As described above, according to the drift correction method according to the first aspect of the present invention, the time drift correction of the angular velocity sensor provided in the torque wrench is automatically (electrically) performed. Can be. Further, claim 2 of the present invention
According to the drift correction method described in (1), drift correction of the angular velocity of the angular velocity sensor provided in the torque reticule can be automatically performed. Therefore, according to the present invention, angle tightening of a screw by a wrench using an angular velocity sensor can be easily and quickly performed at a set angle with high accuracy.

[Brief description of the drawings]

FIG. 1 is a flowchart of time drift correction according to the present invention.

FIG. 2 is a flowchart of temperature drift correction according to the present invention.

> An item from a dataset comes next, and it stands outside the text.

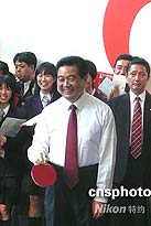 胡錦濤在早稻田大學打乒乓 與日本青年交流

FIG. 3 is a schematic diagram of a torque wrench provided with an angular velocity sensor.

[Explanation of symbols]

 DESCRIPTION OF SYMBOLS 1 Torque wrench 2 Angular velocity sensor 3 Controller 4 Handle part 5 Head part 6 Ratchet shaft 7 Fastened screw 8 Socket

 ──────────────────────────────────────────────────続 き Continuation of the front page (72) Inventor Yasuhiro Yamamoto 2-2-1, Omorikita, Ota-ku, Tokyo Inside Tonichi Works Co., Ltd. (72) Inventor Nobuyoshi Kobayashi 2-2-1, Omorikita, Ota-ku, Tokyo No. F Co., Ltd. F-term (Reference) 3C038 AA01 AA03 AA04 BC01 CA06 CA07 CA10 CB02 EA01 EA02 EA04 EA06

Claims (2)

[Claims] After applying power to an angular velocity sensor provided in a screw fastening torque wrench employing an angle method, an angular velocity which is a reference of an angular velocity value of the angular velocity sensor while holding the screw fastening wrench in a stationary state. The value fluctuation state is detected in response to the passage of time, the time drift value in the wrench stationary state is recorded, and the angle value corresponding to each time from power-on when the screw is tightened by the screw fastening wrench is calculated as the time A drift correction method for an angular velocity sensor in a torque wrench employing a screw fastening angle method, wherein the correction is automatically performed based on the drift value. 2. A screw tightening torque wrench provided with an angular velocity sensor is maintained in a stationary state, and a reference angular velocity value by the angular velocity sensor in a stationary state at a certain time and an angular velocity value after a predetermined time are recorded. If the amount of angular velocity drift, which is the difference between the angular velocity values, is within the specified range, it is regarded as the temperature drift, and the temperature drift is automatically corrected by replacing it with the angular velocity value recorded after a certain period of time. A method for correcting a drift of an angular velocity sensor in a torque wrench employing an angle method.